The Action Days were brought to a close on Sunday, April 27 with a film showing in the Kreuzberg district. The streets were closed off and a giant screen was hung from the pedestrian bridge crossing the Kottbusser Tor in the heart of Kreuzberg. The Kreuzberg community has the highest percentage of immigrant residents and unemployment in all of Germany. In the 1970s and '80s, the area became famous for the squatter movement which was centered there. Over the years the Kottbusser Tor has been the scene of hundreds of demonstrations around all kinds of issues.

So this was a very appropriate site for the open air showing of Behind These Walls--a documentary about Mumia's case and the history of police repression in Philadelphia against the organization MOVE. The 70-minute film includes interviews with people who knew Mumia from the time he was in the Black Panther Party as a teenager, during his years in the streets as a people's journalist, scenes of police attacks on MOVE houses and interviews with attorney Leonard Weinglass and Mumia himself. An audio/visual rental company in Berlin supplied a video projector at nominal cost and sent a technician to set up and run all the equipment needed for the showing at no charge to the Organizing Committee.

The Organizing Committee reported, "Over 200 people gathered to view the film. A more varied mix of people would be hard to imagine: veterans of the squatter movement, political activists together with neighborhood youth of a half dozen different nationalities, homeless people and passersby who just stopped to see what was happening. As the film began, quiet settled over the crowd as they attentively watched the story of Mumia Abu-Jamal and the struggle to free him unfold in front of them. The showing was interrupted in a number of places as people applauded statements and scenes of struggle in support of Mumia. At the end there was again big applause, and the people chanted the slogans 'Stop the Execution,' 'Free Mumia.'"

Robert Rockwell told the RW, "What's interesting is that the situation in Berlin is similar to the type of things happening in the U.S. There is a widespread war on immigrants there. There are people in the government who have said things like, `Immigrants are rats that need to be exterminated,' `Immigrants need to be exported back to their countries.'... They have the same kind of things happening around the criminalization of the people.... They don't have the death penalty there, but they see Mumia's case as representing something that's happening all across the world. Mumia is an international phenomenon." Rockwell said that the activists in Germany were very interested in knowing more about how Refuse & Resist! is working to unite people in the U.S.: "They wanted to hear about our October Month of Resistance, and about how Mumia's case has united different people to work together. They want to try to build the kind of movement we're building here, a kind of movement that unites all kinds of people to take up resistance."

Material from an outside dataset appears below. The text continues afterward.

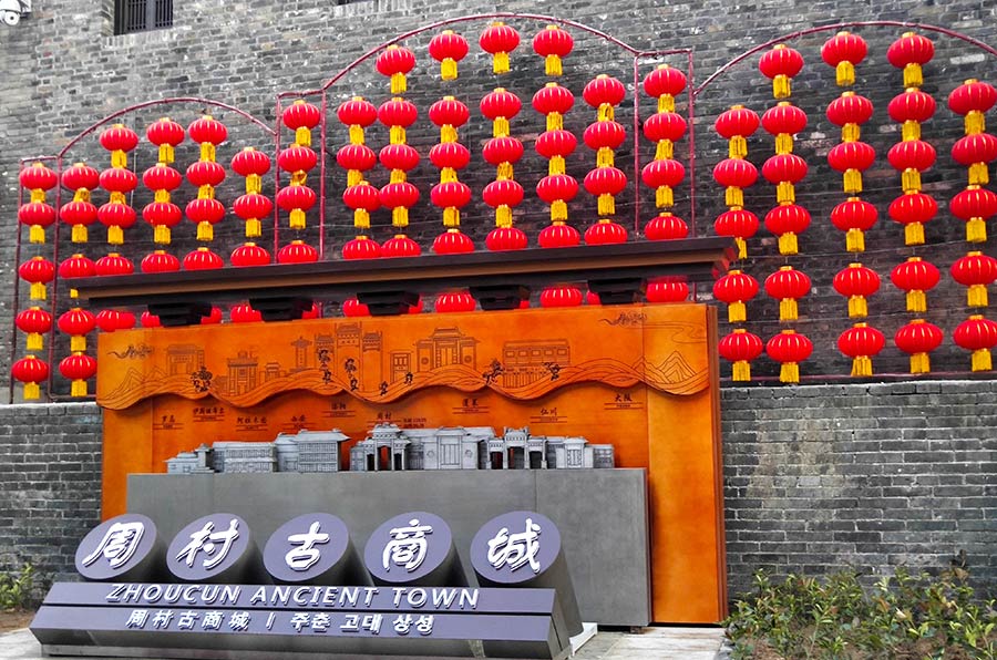 標(biāo)識牌、垃圾桶、雕塑等基礎(chǔ)設(shè)施為古鎮(zhèn)景點(diǎn)增加文化底蘊(yùn)。

The Organizing Committee reported that more than $1,000 was raised for Mumia's defense fund through the Action Days. The press release from the Organizing Committee summed up: "All in all we felt that the Action Days were a great success. Not just the large number of people who took part, but also the fact that they came from a very broad range of nationalities, political groups and opinions and backgrounds, including both experienced activists as well as people who have never been involved in any kind of political activity."